### Work instruction
Go through the entries below, tally each line with the string "Baixada", and give the final number by itself.

### Dataset content
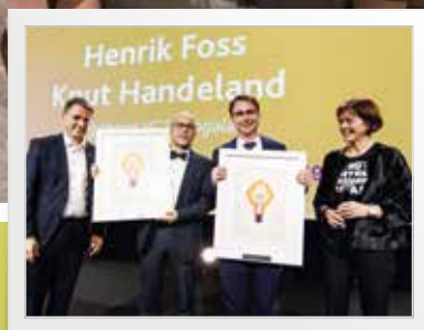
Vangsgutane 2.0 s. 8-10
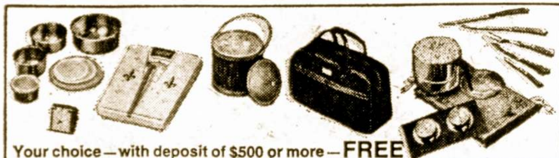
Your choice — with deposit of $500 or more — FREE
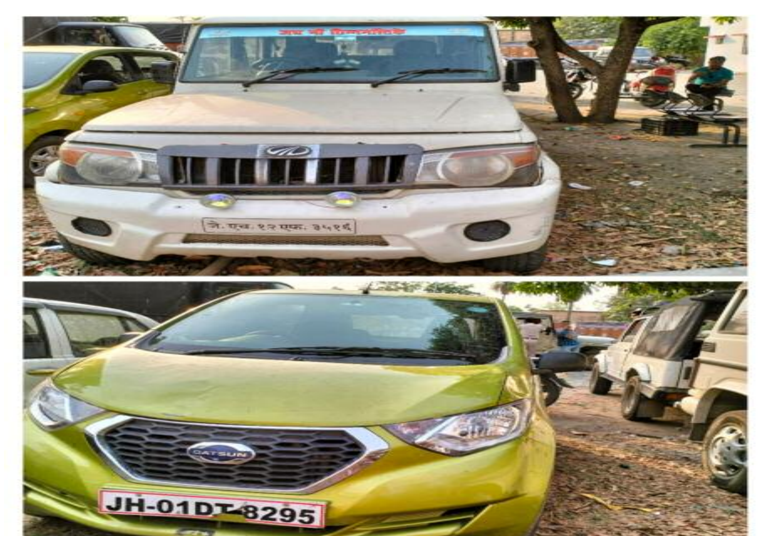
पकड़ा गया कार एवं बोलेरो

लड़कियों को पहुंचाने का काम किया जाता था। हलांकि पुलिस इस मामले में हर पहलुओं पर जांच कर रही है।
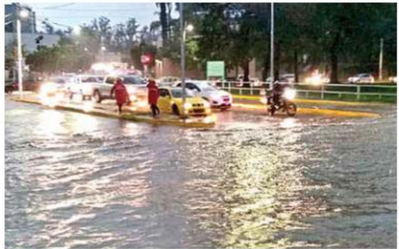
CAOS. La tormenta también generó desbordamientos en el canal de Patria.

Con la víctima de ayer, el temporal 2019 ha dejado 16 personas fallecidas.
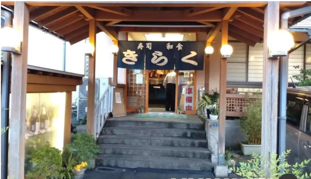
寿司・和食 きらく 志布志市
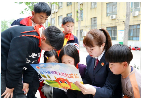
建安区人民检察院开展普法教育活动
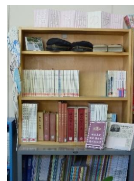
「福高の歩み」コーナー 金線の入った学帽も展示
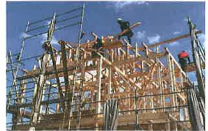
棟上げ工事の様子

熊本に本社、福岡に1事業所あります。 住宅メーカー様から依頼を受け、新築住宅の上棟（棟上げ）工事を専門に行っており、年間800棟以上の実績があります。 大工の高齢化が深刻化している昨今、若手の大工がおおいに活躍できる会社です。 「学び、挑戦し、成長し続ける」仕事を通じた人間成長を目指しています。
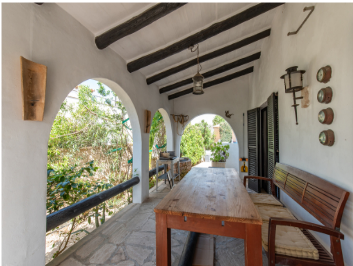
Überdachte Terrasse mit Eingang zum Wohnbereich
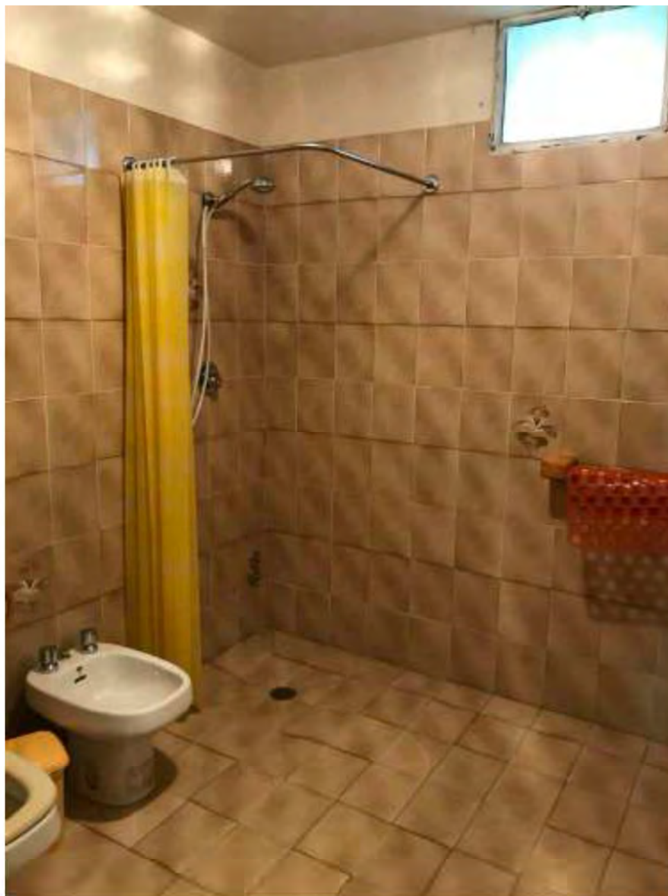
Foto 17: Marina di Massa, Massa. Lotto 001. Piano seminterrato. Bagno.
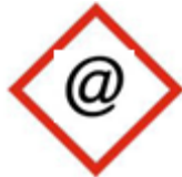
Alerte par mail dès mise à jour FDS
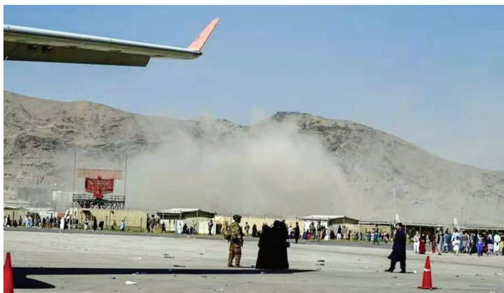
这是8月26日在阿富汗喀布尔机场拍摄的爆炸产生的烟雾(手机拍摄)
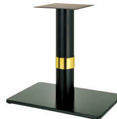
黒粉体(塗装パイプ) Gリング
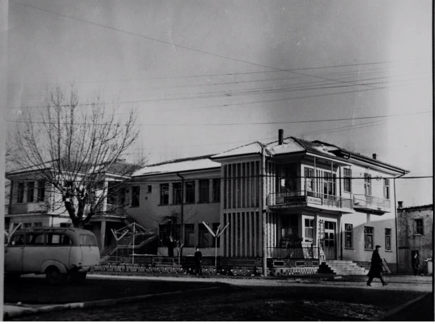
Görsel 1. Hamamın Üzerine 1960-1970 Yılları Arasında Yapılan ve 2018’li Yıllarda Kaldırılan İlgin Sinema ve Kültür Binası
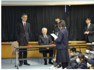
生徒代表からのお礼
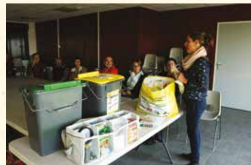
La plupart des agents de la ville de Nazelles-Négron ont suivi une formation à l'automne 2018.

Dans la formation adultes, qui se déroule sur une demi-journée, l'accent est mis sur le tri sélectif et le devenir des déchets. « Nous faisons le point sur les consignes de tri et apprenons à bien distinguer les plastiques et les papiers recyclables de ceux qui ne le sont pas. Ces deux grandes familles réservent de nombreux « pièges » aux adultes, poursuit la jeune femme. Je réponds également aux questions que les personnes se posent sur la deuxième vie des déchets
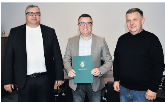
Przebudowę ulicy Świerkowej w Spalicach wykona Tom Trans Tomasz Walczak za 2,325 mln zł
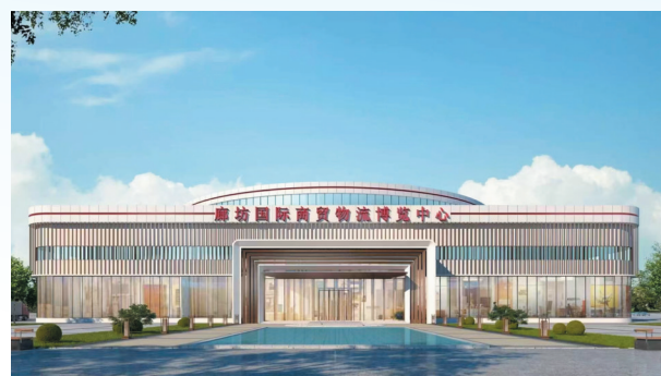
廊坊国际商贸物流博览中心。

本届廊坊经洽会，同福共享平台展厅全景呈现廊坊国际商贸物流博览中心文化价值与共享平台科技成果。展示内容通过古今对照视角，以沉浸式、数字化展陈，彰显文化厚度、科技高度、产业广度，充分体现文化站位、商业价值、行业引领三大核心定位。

---

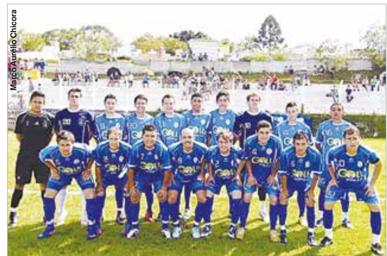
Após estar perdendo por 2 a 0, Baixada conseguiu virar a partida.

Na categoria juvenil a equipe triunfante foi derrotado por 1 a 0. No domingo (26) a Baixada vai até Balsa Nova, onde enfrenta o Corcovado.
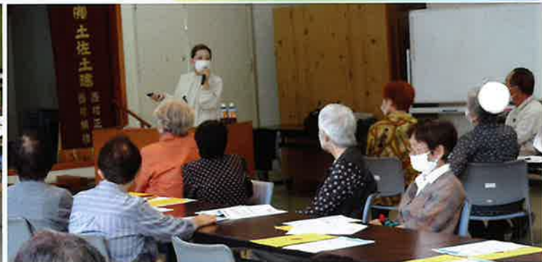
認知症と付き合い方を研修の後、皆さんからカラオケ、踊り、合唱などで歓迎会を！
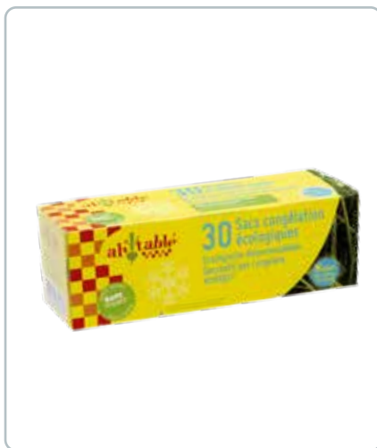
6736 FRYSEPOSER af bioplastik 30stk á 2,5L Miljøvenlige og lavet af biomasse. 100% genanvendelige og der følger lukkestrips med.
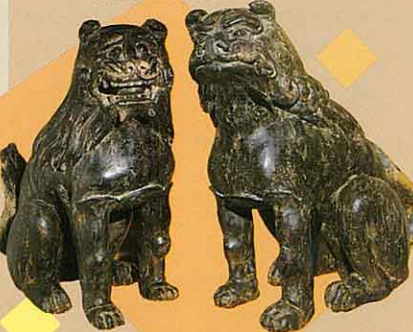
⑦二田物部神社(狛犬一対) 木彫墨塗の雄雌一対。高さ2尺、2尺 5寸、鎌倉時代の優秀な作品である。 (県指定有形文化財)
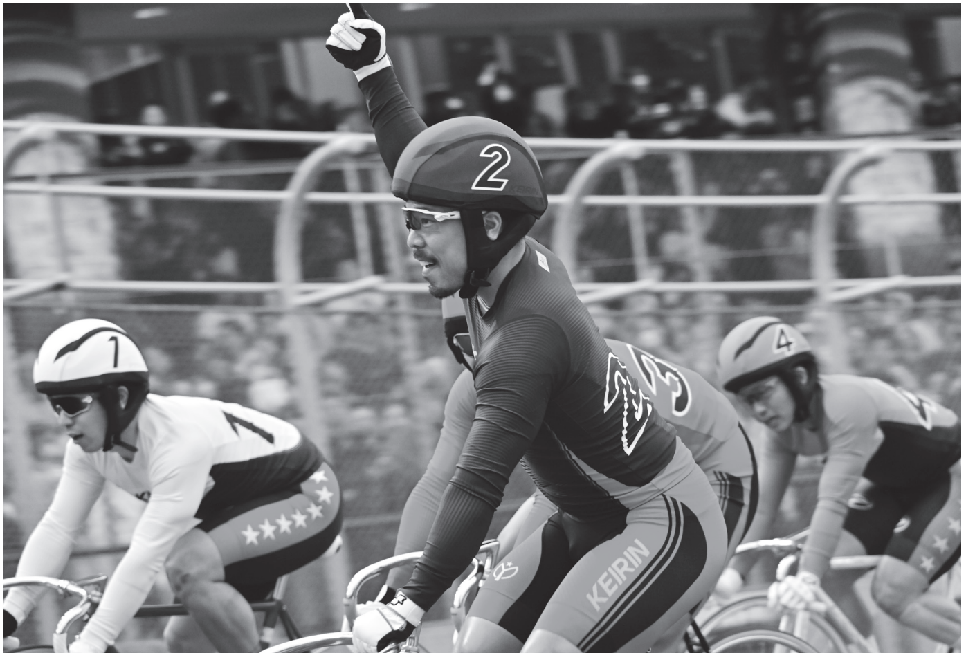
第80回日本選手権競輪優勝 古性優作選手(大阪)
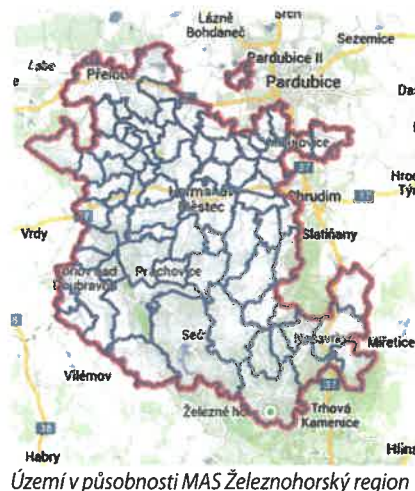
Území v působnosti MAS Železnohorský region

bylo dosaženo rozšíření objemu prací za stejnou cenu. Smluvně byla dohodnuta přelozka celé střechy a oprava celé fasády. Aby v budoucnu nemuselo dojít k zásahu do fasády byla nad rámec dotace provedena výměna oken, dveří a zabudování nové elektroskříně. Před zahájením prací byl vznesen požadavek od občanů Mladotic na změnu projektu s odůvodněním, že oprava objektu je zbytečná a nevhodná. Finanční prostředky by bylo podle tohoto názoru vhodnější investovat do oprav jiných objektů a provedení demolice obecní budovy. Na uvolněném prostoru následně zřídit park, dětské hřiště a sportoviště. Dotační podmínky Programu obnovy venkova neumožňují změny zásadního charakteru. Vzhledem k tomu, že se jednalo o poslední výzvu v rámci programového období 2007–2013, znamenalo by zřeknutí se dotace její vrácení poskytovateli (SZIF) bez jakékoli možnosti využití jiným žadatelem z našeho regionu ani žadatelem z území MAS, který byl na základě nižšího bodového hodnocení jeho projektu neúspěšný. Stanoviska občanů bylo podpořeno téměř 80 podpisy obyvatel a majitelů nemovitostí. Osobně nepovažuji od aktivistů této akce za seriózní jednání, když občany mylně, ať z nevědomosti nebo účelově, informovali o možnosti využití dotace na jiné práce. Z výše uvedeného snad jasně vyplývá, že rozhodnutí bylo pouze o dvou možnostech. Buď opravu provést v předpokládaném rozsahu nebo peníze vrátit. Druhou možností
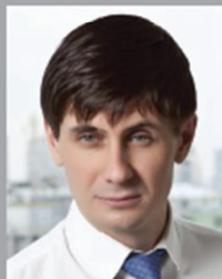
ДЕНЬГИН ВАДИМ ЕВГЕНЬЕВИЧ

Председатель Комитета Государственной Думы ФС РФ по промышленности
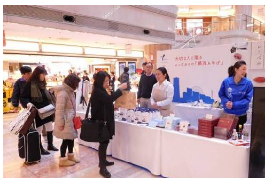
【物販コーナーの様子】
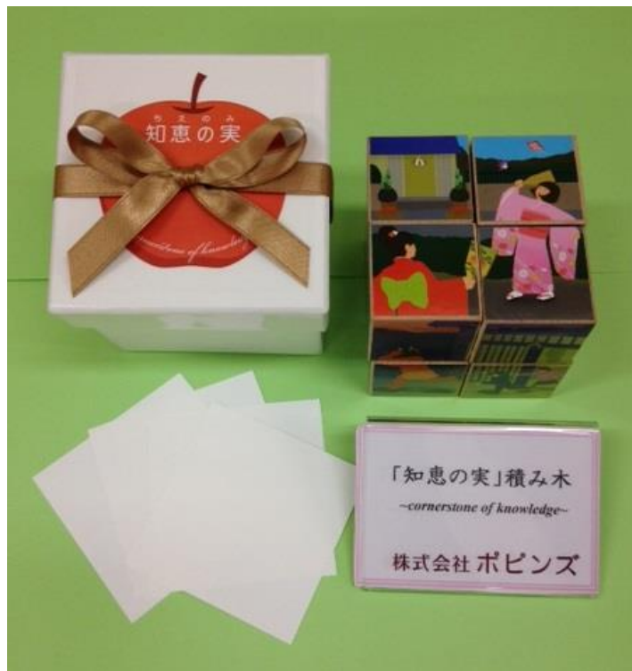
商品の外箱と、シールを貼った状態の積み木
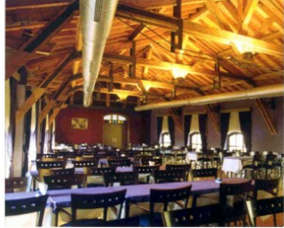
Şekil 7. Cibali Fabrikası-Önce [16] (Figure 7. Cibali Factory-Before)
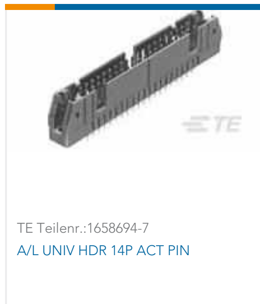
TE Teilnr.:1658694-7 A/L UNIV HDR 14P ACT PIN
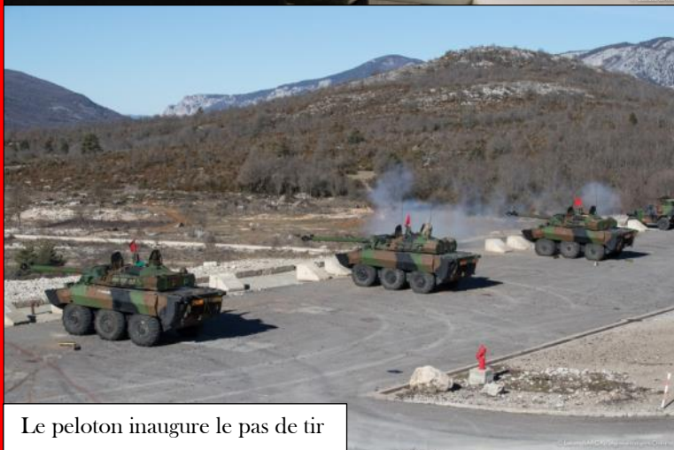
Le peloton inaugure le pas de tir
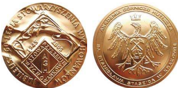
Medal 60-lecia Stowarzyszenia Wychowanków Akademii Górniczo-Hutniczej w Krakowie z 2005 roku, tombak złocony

### Output below
2